Jeffrey Gibson, American Mississipi Choctaw/Cherokee born 1972.  Courtesy the artist. Image credit: The Metropolitan Museum of Art, Photo by Eugenia Burnett Tinsley.

 

 

 

“they plan and prepare for the future fvni / sa lo li/squirrel”

“The Animal Therefore I Am,” 2025. Silicon bronze with patina finish.

Jeffrey Gibson, American Mississipi Choctaw/Cherokee born 1972.  Courtesy the artist. Image credit: The Metropolitan Museum of Art, Photo by Eugenia Burnett Tinsley.

 

 

 

“they teach us to be sensitive and to trust our instincts issi / awi / deer”

“The Animal Therefore I Am,” 2025. Silicon bronze with patina finish.

Jeffrey Gibson, American Mississipi Choctaw/Cherokee born 1972.  Courtesy the artist. Image credit: The Metropolitan Museum of Art, Photo by Eugenia Burnett Tinsley. 

The artist took his inspiration from a work of Jacques Derrida, ‘The Animal That Therefore I Am’ (lectures published in book form in 2006).
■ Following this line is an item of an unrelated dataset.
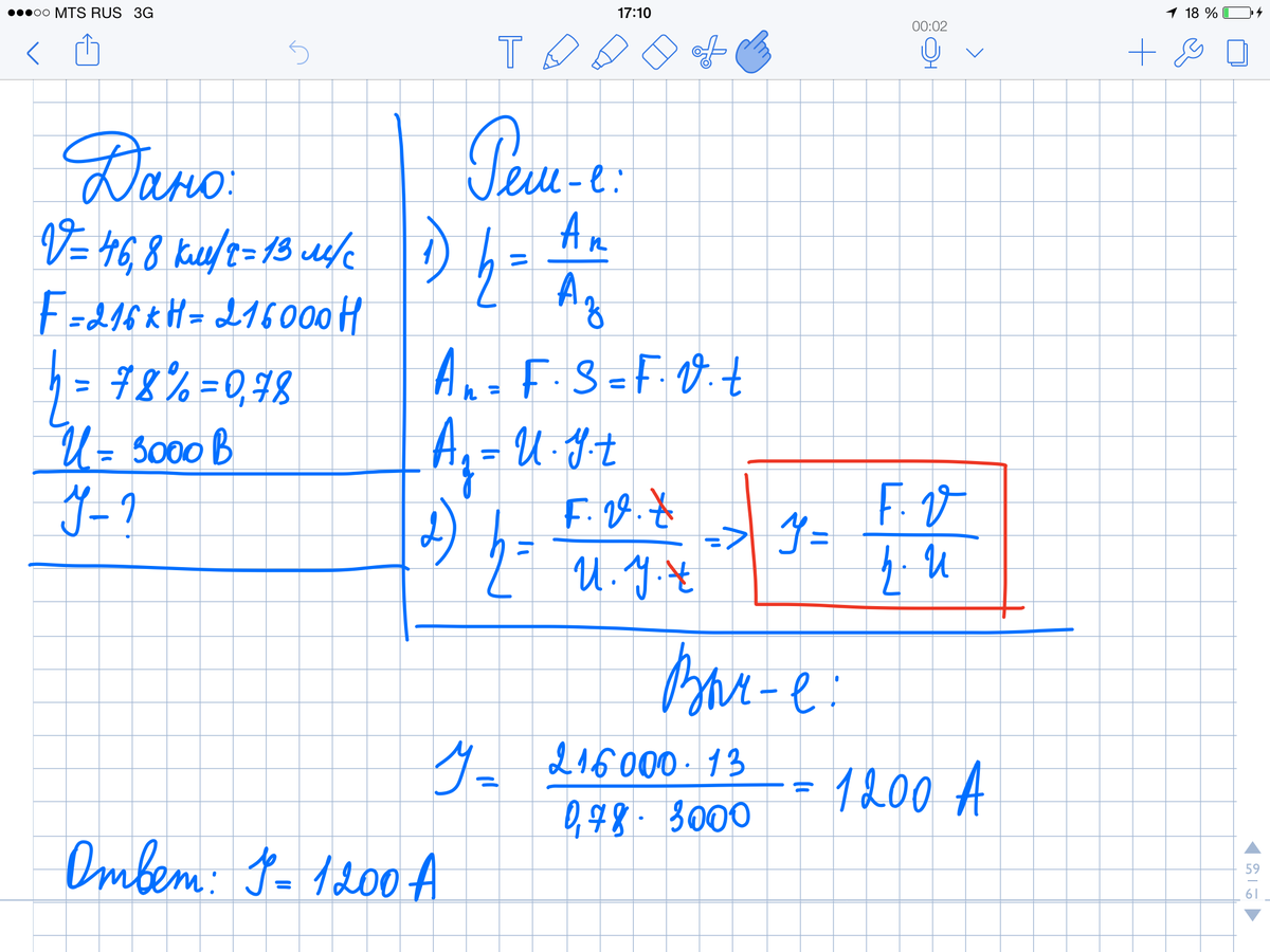Электровоз движется с постоянной скоростью 46,8 км/ч, развивая при этой скорости силу тяги 216 кН. КПД двигателя электровоза 78 %. Чему равна сила тока в обмотке электродвигателя, если напряжение сети 3000 В?

Derrida critiques the idea of human primacy over all animals.

 

Gibson lives in the Hudson Valley.  Collecting driftwood near his home, he bundled the wood into animal forms.  He used wax, wood, taxidermied pelts and hide to create each form.  They were then digitally scanned and cast in bronze.  Each is 10″ tall.

 

The question being asked is what kind of relationship ought we to have with non-human animals, here presented in upright, human pose and ready for dialogue.